Severe 'clinically significant' cough is a common complaint in dogs with end stage CVD. Severe cough in the absence of dyspnea and tachypnea is typically related to left mainstem bronchial compression (LMBC) alone or in combination CT and or COPD. Clinically significant cough can be defined as a cough that based on frequency and or severity limits the dogs and or clients ability to sleep and enjoy normal activities. When managing chronic cough it is important to grade the severity of the cough with the client because many of these coughs cannot be cured. The clinical goal in many cases is a reduction in the coughs frequency and or severity to a tolerable level, i.e., one that does not impair the dogs and or clients ability to sleep and enjoy normal activities. Poor client communication regarding the ultimate goal of cough palliation leads to unrealistic expectations on the part of the client and dooms us to failure. Patients with LMBC may benefit from mild increases (25%) in diuretic dose. If they are normotensive then additional afterload reduction may be useful (see preceding section ***). An oral or inhaled bronchodilator may help and finally a cough suppressant may be employed to achieve and maintain a goal of 'tolerable' cough. Additionally, dogs with concurrent CT and or COPD may benefit from therapies such as bronchodilator, short courses of antibiotics, a tapering course of corticosteroids, cough suppressants, environmental modification and weight loss.

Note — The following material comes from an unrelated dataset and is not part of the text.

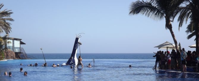 La piscina Infinity Pool fue el lugar escogido para la que será una de las últimas escenas de acción de esta producción, en la que los protagonistas, interpretados por Luis Tosar, Eduard Fernández y Juan Motilla, sufren un accidente de helicóptero.  Dos de ellos logran sobrevivir y salen a la superficie del “mar” rodeados de restos de helicóptero. Para la recreación de esta escena, el equipo de efectos especiales creó una maqueta de la cola del helicóptero, a tamaño real,  y la colocó en el fondo de la piscina. Durante cuatro horas intensas de trabajo, el personal del hotel estuvo a disposición de las necesidades del equipo técnico y de los actores.

Lethargy, Weakness, Exercise Intolerance, Collapse & Syncope

This grouping of clinical signs may be related to cardiac or extra-cardiac causes. Cardiac causes typically involve etiologies that lead to reductions in CO or electrolyte derangements secondary to diuretic use. Specific etiologies of reduced CO and approaches to diagnosis and therapy were discussed in preceding sections. Hypokalemia should always be ruled out in dogs with HF receiving diuretics that present for lethargy, weakness or exercise intolerance. Important extra cardiac causes to consider in older dogs (dogs that get HF) include musculoskeletal diseases such as degenerative joint disease and neurological diseases such as inter vertebral disc disease and intracranial disease. Thus a thorough history, orthopedic and neurologic examination should be performed on all HF patients presented for a complaint of lethargy, weakness, exercise intolerance, collapse or syncope. Palliation of extra cardiac diseases must be done with caution in an old dog receiving combination HF therapy. Suggestions based on the authors' experience were discussed in preceding sections and the proceedings of the previous talk entitled "Canine Heart Failure Management: Polypharmacy Pitfalls".

Diarrhea & Soft Stool

Diarrhea and stool issues are present in some end stage HF dogs and are in general poorly tolerated by clients. They are typically related to a combinations or factors including: passive GI congestion due to right HF, poor GI perfusion due to left forward HF, stress of chronic illness and iatrogenic dietary indiscretion. In combination these factors can lead to ulceration and motility issues. Therapies targeting the underlying causes are discussed in the preceding sections. Palliative therapies used by the authors' involve increasing the fiber content in the diet by using Metamucil biscuits or pumpkin and basic GI protectants.

References

1.  Gordon SG, Kittleson MD in Small Animal Clinical Pharmacology 2nd edition. Saunders Elsevier, Edinburg 2008. pp. 380-457.

2.  Roland RM, Gordon SG. Canine Heart Failure Management: Polypharmacy Pitfalls. ACVIM 2008 Forum Proceedings.

Speaker Information
(click the speaker's name to view other papers and abstracts submitted by this speaker)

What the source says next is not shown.